Just when it seemed like I couldn't dislike the authoress any more, she reinvents herself as a Republican fundraiser for the infamous Committee to Reelect the President (who could have guessed that an organization with such a wholesome acronym could be involved in shenanigans?). She goes on a date with Henry "Denture Breath" Kissinger and is sexually propositioned by Spiro Agnew through a shadowy operative who promises to compensate her financially if she agrees to give the creepy Veep the old Hong Kong Handshake. Who could resist such an offer? Van Doren, that's who. What kind of a girl does he think she is? Van Doren didn't make history; she fucked history. Or at least she regretfully rebuffed history's heavy-breathing advances. It turns out history is one horny motherfucker and has a thing for blondes and boobs.

During her Republican cheerleader phase, Van Doren becomes the unwitting trophy wife of a wealthy businessman who insists they wait until after their wedding to consummate their relationship. After the blessed nuptials, Van Doren is horrified to find that her latest creepy husband is "rotund", something he apparently hid from her during their courtship, by, I dunno, insisting she be blind-folded during all their dates? Or maybe wearing a super-girdle designed by NASA? Needless to say, this marriage didn't last long either.

Ah, but what about Van Doren's career? To that I can only say, who the hell cares? Even her liaisons with the rich and legendary are depressingly anti-climactic. During a section devoted to her acid-fueled fuckfest with Steve McQueen I found myself thinking, "Wow, I had no idea having sex with Steve McQueen while high on acid could be so boring."

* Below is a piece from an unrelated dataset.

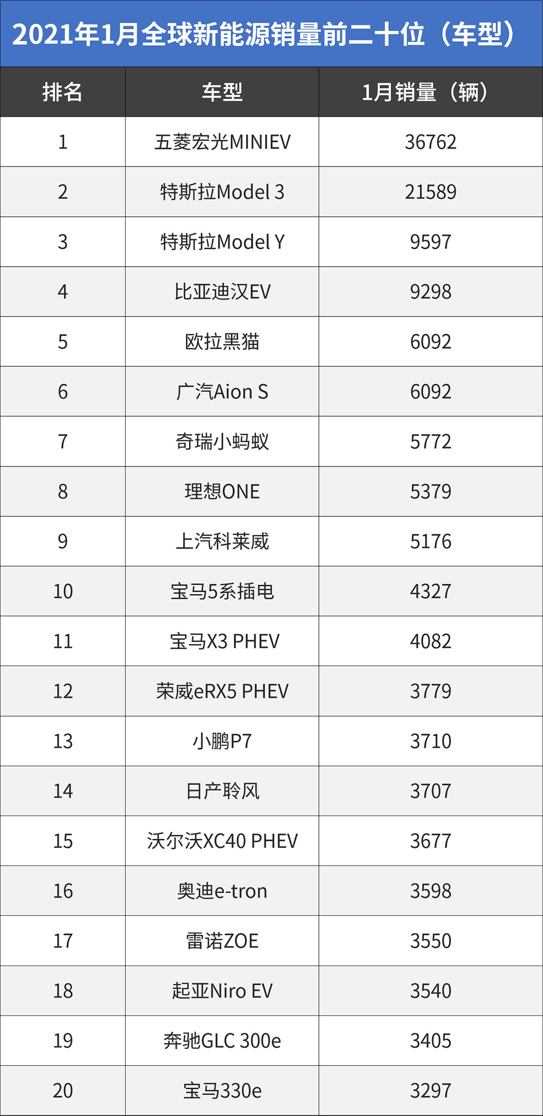 根据国外网站InsideEV统计数据,2021年1月宏光MINIEV拿下创记录的36762辆销量,这也是宏光MINIEV首次击败特斯拉Model 3,问鼎全球新能源月销冠。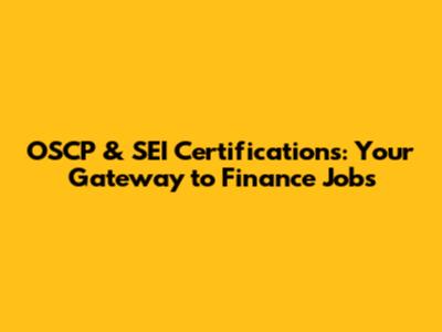 OSCP & SEI Certifications: Your Gateway To Finance Jobs

Van Doren's non-fling with Beatty is a lot more entertaining. As was/is his custom, Beatty pursued the chaste and virtuous authoress doggedly, talking a big game about how his trouser snake is alternately like the neck on a giraffe, a baby's arm or a large human penis. Van Doren wasn't interested but when Beatty called one afternoon to tell her that he was sunning himself and had a big old erection with her name on it, she prankishly sent a buxom, all-too-eager friend to fuck Beatty on her behalf. Ah, Hollywood. A deep, spiritual, soulful place filled with deep, spiritual soulful people making deep, spiritual, soulful connections. Both parties were all too willing, and in a heartwarming twist, Warren Beatty totally got to have casual sex with a random skank. He never did get to make deep, spiritual, soulful love to Van Doren, however. Consequently his life can only be deemed a failure.